New data, based on observations from the European Space Agency’s (ESA) Copernicus Sentinel-5P satellite, are showing strong reductions in nitrogen dioxide concentrations over several major cities including Paris, Madrid and Rome, coinciding with the rise of the COVID-19 pandemic.
The global COVID-19 pandemic has spread rapidly across the world – affecting 170 countries with more than 530 000 confirmed cases worldwide, and leading to several instituting lock-down procedures.
The Copernicus Sentinel-5P satellite has recently mapped air pollution across Europe and China and has revealed a significant drop in nitrogen dioxide concentrations – coinciding with the strict quarantine measures.
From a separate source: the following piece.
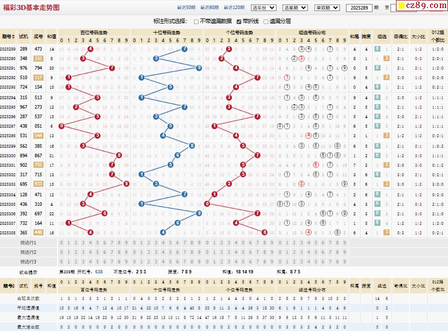 309期福彩3D開獎號碼走勢圖分析

Scientists from the Royal Netherlands Meteorological Institute (KNMI) have been using data from Copernicus Sentinel-5P satellite to monitor both weather and pollution over Europe.
The new images clearly illustrate a strong reduction of nitrogen dioxide concentrations over major cities across Europe – specifically Milan, Paris and Madrid.
Other countries in northern Europe are being closely monitored, including the Netherlands and the United Kingdom – but scientists have observed a larger variability owing to changing weather conditions. New measurements will help to assess the changes in nitrogen dioxide over northwest Europe.
The satellite images show nitrogen dioxide concentrations from 14 to 25 March 2020, compared to the monthly average of concentrations from 2019.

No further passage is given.